I don't know if I should, though. I only have like $10K in savings and $5K in checking (which includes my spending money)... what stocks/industries might y'all suggest, particularly for a young person with little money who isn't in a hurry for a risky return?


I am a big promoter of no-load mutual funds. For the causual investor, I don't think that there is a better way to go. A mutual fund is basically a stock consisting of many other stocks. When you purchase a share of a mutual fund, you are basically buying a tiny sliver of many (sometimes hundreds) other stocks. This gives you the advantage of diversification. In other words, if one of the stocks takes a big hit or goes belly up, the mutual fund's share price will not be greatly effected. This is a big plus for the small investor.

In addition, mutual funds are typically managed by a team of professionals who buy and sell individual stocks (and therefore tiny slices of your share) to keep the fund at what they think is the optimum mix of different stocks. That is, by purchasing shares of a mutual fund, you are hiring a team of professionals to manage a portfolio of stocks for you. Typically, the management fee for this service is under 2%.

Mutual funds come in all sorts, some of them consist of exactly the same stocks as the S&P 500, DOW, etc. (index funds). Some consist of stocks from certain parts of the world market, like electricity, China, agriculture, or metal, these are called sector funds. You also have specific need funds, these focus specifically on high growth or low risk. These types may trade in dozens of sectors depending on the managment team's predictions.

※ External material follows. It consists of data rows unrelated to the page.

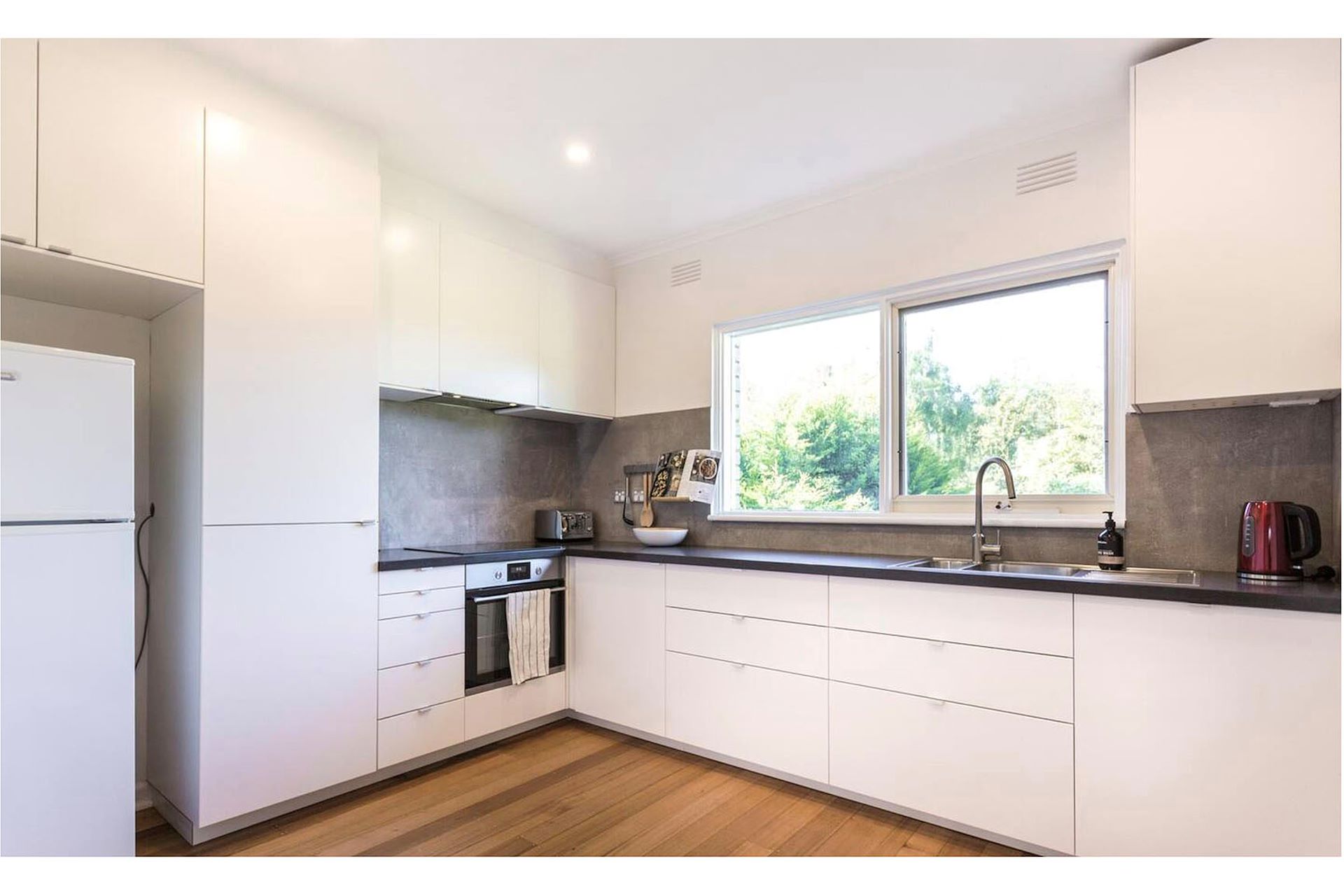 You'll love the light flooding through the large north-facing windows of this renovated, top-floor, two-bedroom apartment high on the hill in St Kilda East. Boasting polished floorboards, a sparkling bathroom with heated towel rail, modern kitchen with induction cooktop and dishwasher, and reverse-cycle air-con (heating and cooling) in the living room, plus secure off-street parking out the back. The block is in a quiet, leafy pocket of East St Kilda, close to shops, with the city, Melbourne Uni, Chapel Street and St Kilda all within easy reach by public transport. With city views (on a clear day) from the balcony and bay glimpses (if you squint) from the kitchen, this is a perfect place to call home.
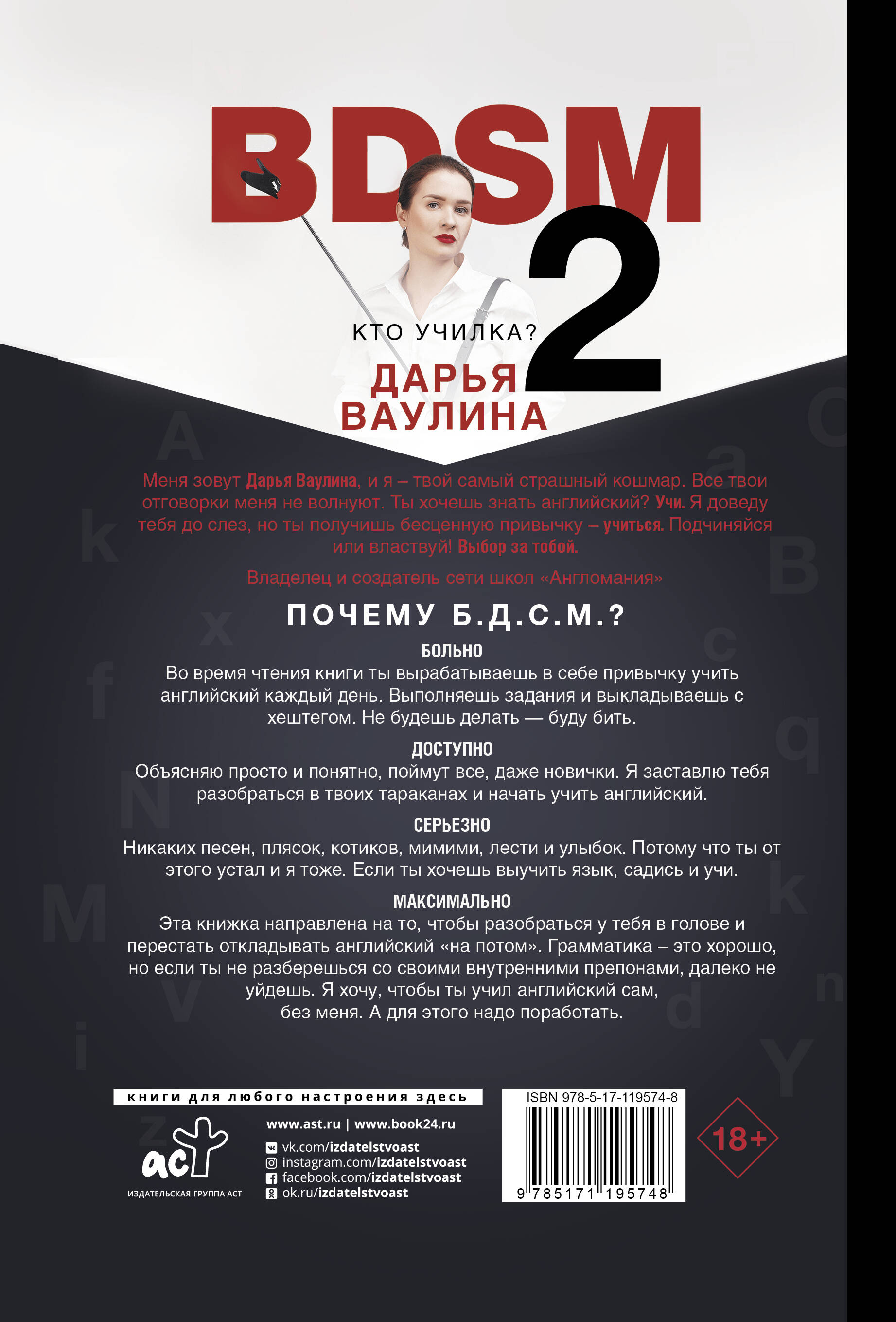 Меня зовут Дарья, я - создатель сети школ "Англомания", автор самого жесткого языкового марафона #бдсманглийский, и книги "Жесткий английский". Я - твой самый страшный кошмар. Ты хочешь знать английский? Учи. Все твои отговорки меня не волнуют. Я доведу тебя до слез, но ты получишь бесценную привычку - учиться. Почему БДСМ? БОЛЬНО. Во время чтения книги ты вырабатываешь в себе привычку учить английский каждый день. Выполняешь задания и выкладываешь с хештегом. Не будешь делать - буду бить. ДОСТУПНО. Объясняю просто и понятно, поймут все, даже новички. Я заставлю тебя разобраться в твоих тараканах и начать учить английский. СЕРЬЕЗНО. Никаких песен, плясок, котиков, мимими, лести и улыбок. Потому что ты от этого устал, и я тоже. Если ты хочешь выучить язык, садись и учи. МАКСИМАЛЬНО. Эта книжка направлена на то, чтобы разобраться у тебя в голове и перестать откладывать английский "на потом". Грамматика - это хорошо, но если ты не разберешься со своими внутренними препонами, далеко не уйдешь. Я хочу, чтобы ты учил английский сам, без меня. А для этого надо поработать.| Издательство | ИЗДАТЕЛЬСТВО "АСТ" |
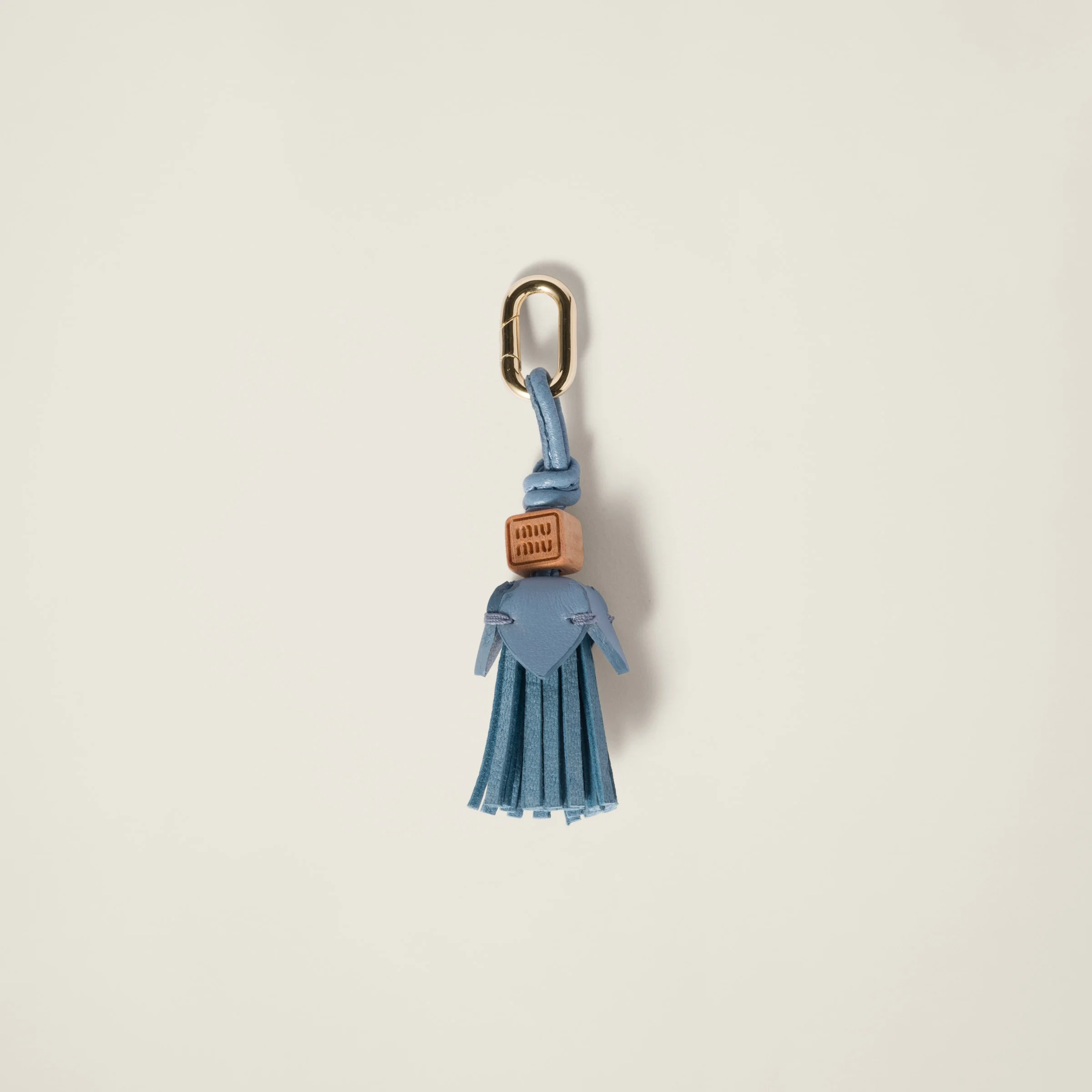 Miu Miu's bold, playful character comes to life in this soft leather micro trick with wooden logo that enriches the silhouette of sneakers and bags, creating new style combinations. - Product code: 5ID007_2FLQ_F0637 - Waxed cotton cord - With wooden detail - Engraved logo on detail - With removable metal snap-hook - Imported Materials Main material: Calfskin

Finally, a new type of fund that has become popular recently, is the fund of a fund. In other words, by purchasing a share of this fund of a fund, you are buying tiny slivers of mutual funds, which themselves have tiny pieces of stocks. If you wanted too, you could simply invest all your money into a fund of a fund that focussed on diversity and growth, and you would not have to worry about any one area of the market doing bad. Housing sector flopped? Enron went bankrupt? Dollar is worth half of what it was a year ago? Japan wiped off the face of the earth? Chances are, none of these things would significantly hurt a diversified fund of a fund.

To conclude, the best way (I believe) for an individual investor to get maximum safety, maximum returns, minimum fees, and minimum headaches, is to purchase shares from a fund of a fund that has its money spread over multiple sectors, has a good 5+ year track record, and is in tune with the investor's desired risk/reward ratio. Most fund of funds have a 1k-2.5k dollar minimum investment. Happy hunting!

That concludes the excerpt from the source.